** Input material **
════════
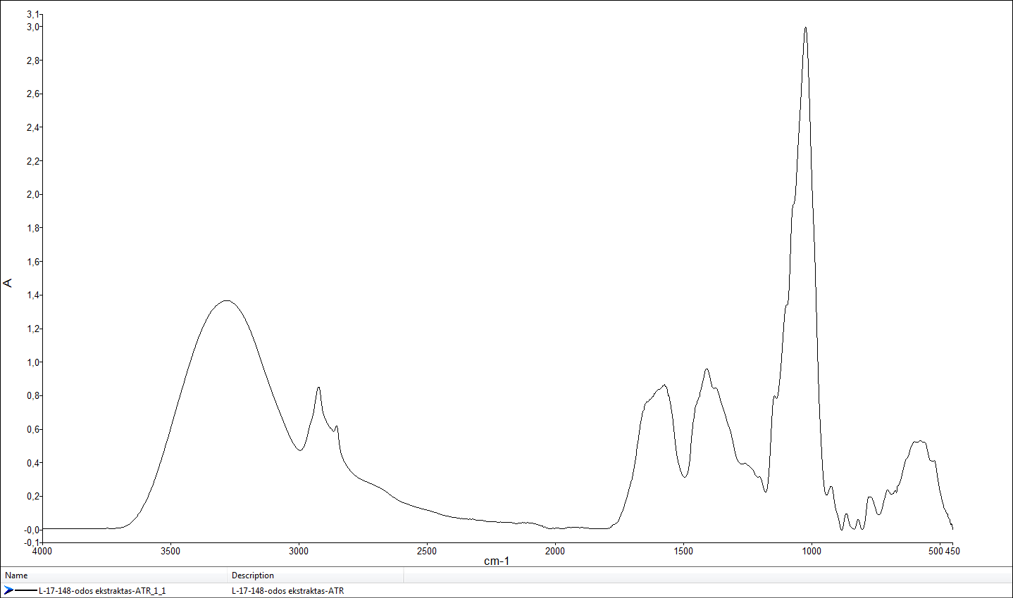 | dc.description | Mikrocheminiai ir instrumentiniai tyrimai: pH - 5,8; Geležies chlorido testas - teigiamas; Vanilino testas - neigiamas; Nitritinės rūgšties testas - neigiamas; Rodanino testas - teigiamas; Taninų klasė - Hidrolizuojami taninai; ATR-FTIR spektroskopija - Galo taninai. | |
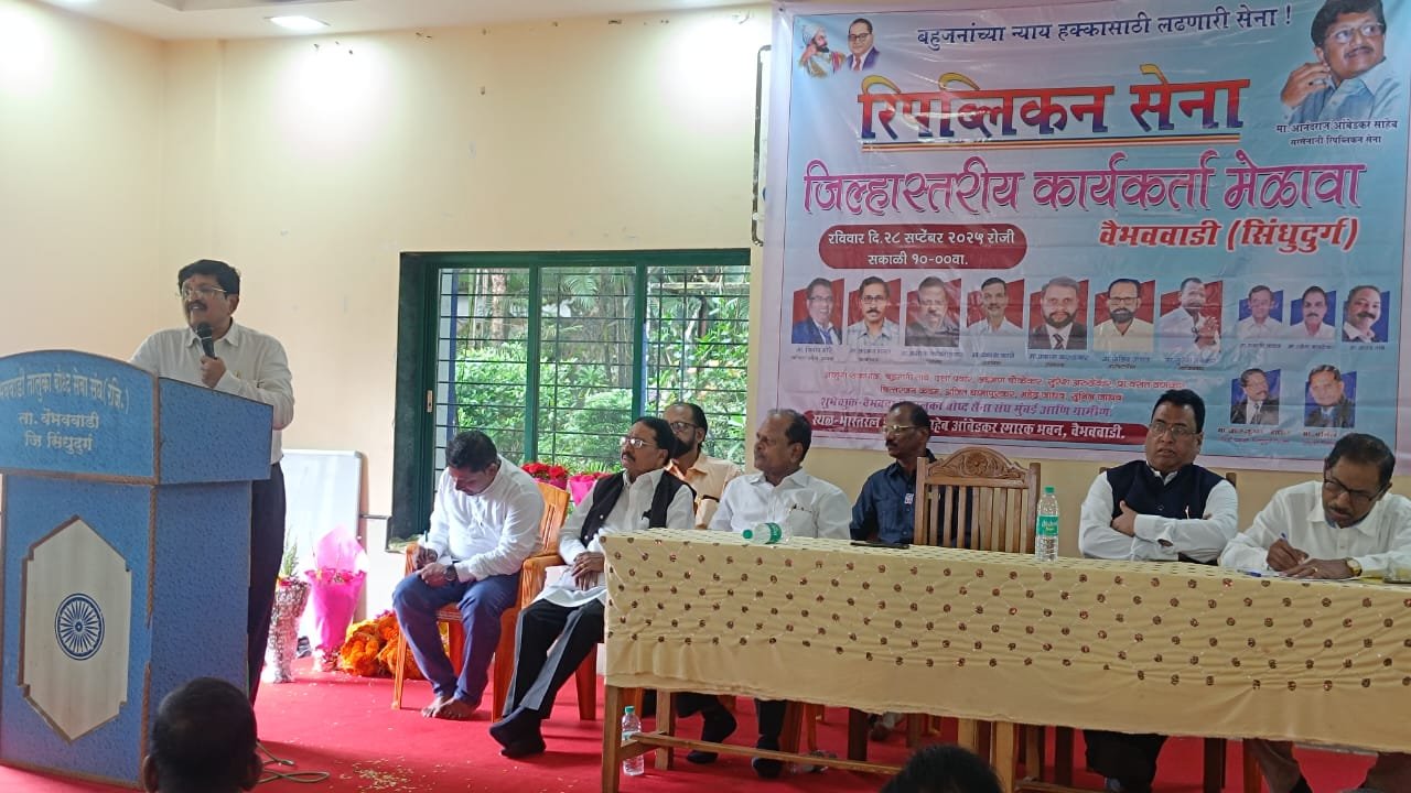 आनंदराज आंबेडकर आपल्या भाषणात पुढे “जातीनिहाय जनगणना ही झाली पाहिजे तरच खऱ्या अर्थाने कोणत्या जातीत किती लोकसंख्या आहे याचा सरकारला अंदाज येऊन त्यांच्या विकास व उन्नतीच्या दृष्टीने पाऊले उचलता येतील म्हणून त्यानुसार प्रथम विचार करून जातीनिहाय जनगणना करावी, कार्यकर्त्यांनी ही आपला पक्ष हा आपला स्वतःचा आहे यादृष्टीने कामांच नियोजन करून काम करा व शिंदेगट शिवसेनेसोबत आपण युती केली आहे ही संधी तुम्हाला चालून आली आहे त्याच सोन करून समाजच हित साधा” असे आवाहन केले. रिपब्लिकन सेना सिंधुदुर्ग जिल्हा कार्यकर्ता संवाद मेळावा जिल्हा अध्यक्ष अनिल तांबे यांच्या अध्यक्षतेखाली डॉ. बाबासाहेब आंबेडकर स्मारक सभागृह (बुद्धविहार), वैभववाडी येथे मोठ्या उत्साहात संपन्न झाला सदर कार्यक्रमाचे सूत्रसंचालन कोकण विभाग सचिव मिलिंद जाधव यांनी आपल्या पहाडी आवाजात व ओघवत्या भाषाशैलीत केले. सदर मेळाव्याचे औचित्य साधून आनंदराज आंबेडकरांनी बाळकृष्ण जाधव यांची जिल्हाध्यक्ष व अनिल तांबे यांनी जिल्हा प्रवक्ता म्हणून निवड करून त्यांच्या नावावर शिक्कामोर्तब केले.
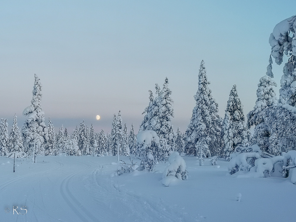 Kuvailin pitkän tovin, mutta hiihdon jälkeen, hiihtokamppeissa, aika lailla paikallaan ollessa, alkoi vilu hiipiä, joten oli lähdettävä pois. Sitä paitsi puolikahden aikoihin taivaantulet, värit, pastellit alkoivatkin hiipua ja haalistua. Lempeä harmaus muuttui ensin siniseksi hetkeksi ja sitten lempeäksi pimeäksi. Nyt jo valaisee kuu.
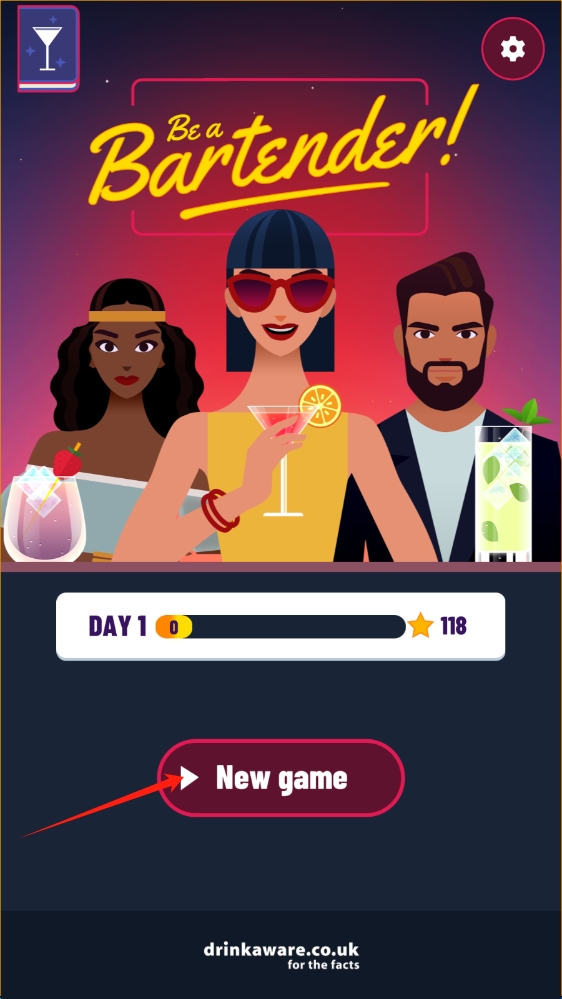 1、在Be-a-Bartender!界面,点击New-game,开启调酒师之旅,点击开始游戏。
════════
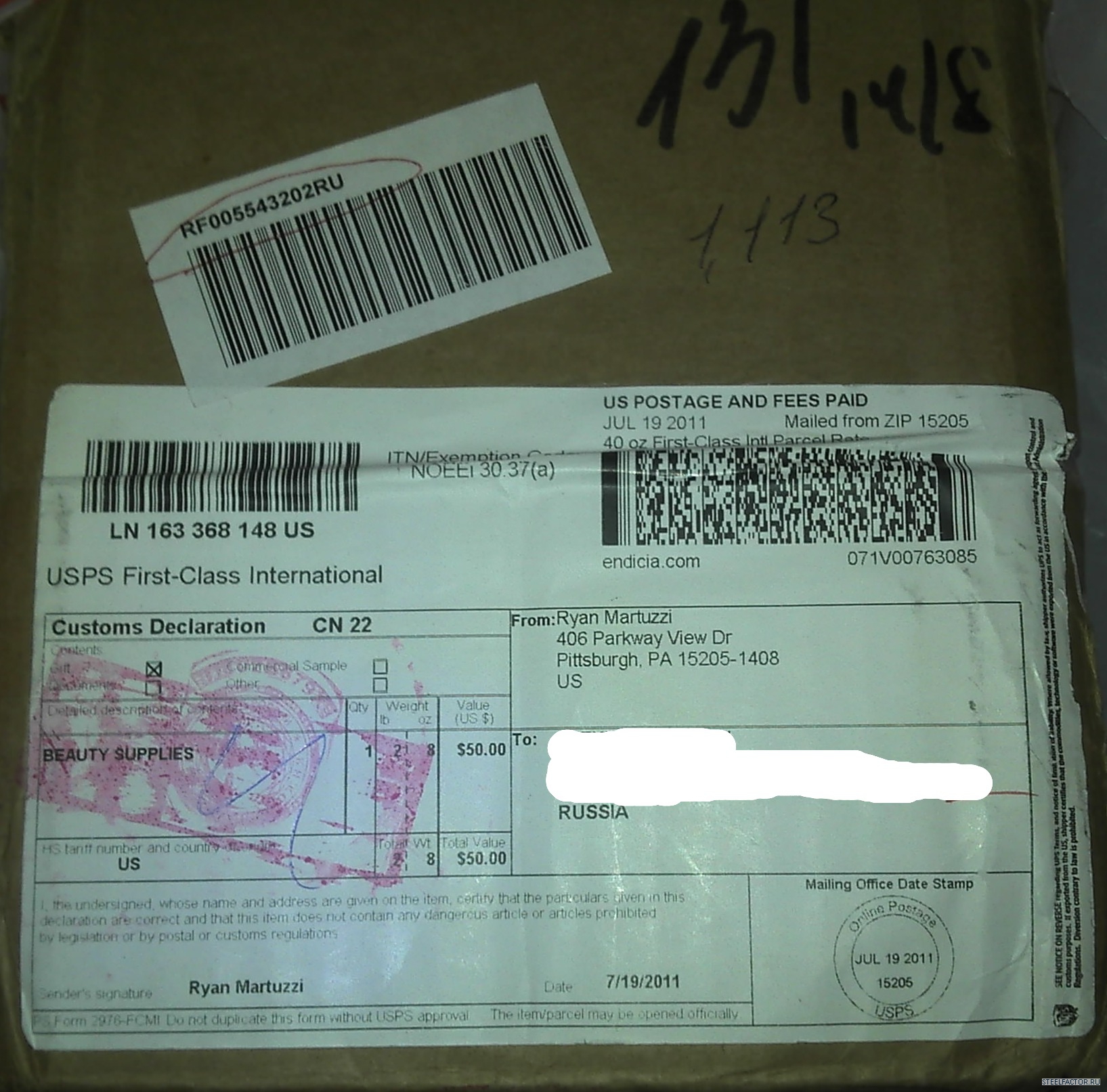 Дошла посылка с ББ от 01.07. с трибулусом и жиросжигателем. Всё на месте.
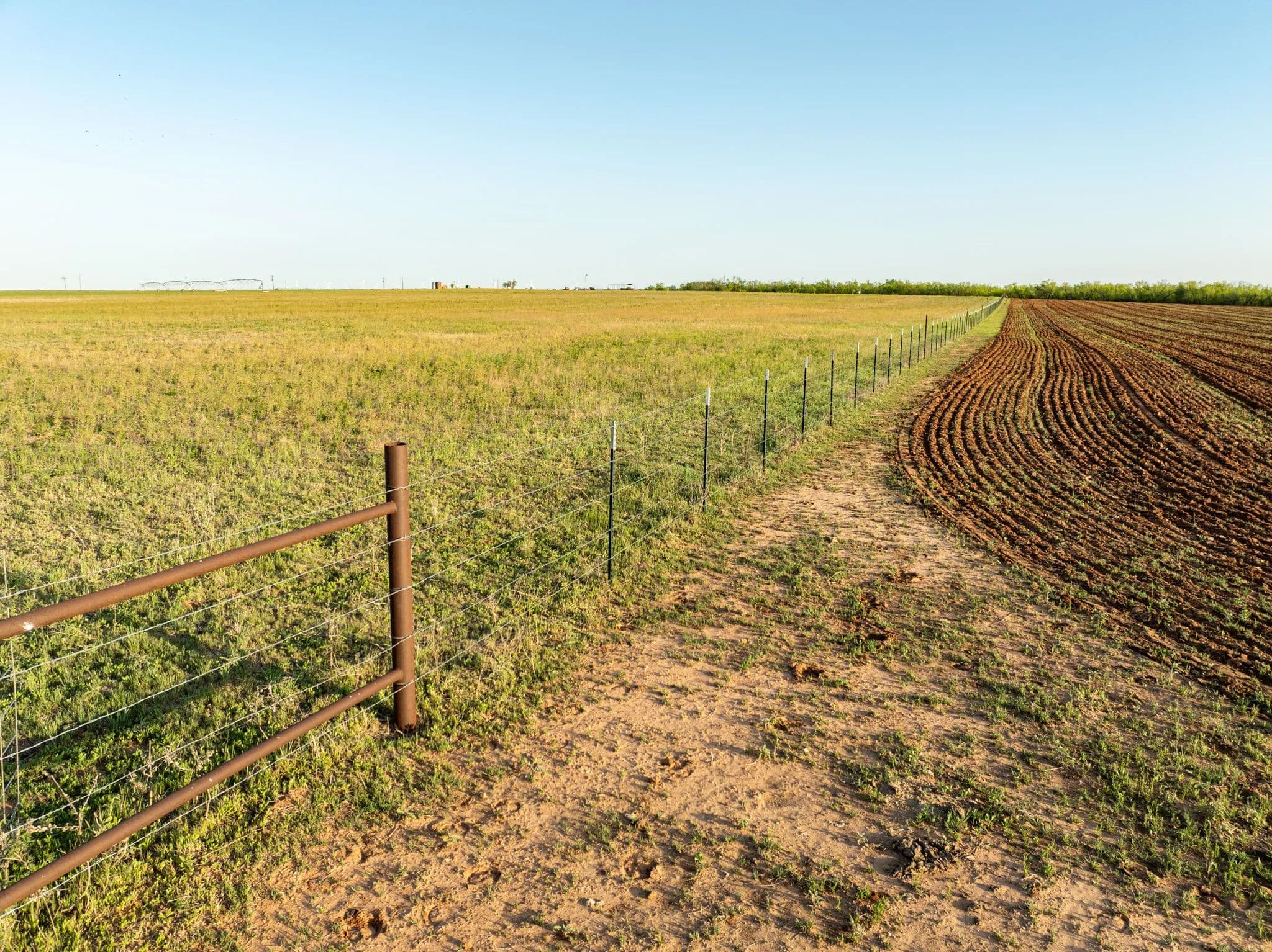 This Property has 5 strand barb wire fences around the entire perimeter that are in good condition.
════════
** Task to complete **
Return exactly the lines above, from the one with "Дошла посылка с" up to and including the one with "This Property has", and include no pictures.

** Answer section **
 Дошла посылка с ББ от 01.07. с трибулусом и жиросжигателем. Всё на месте.
 This Property has 5 strand barb wire fences around the entire perimeter that are in good condition.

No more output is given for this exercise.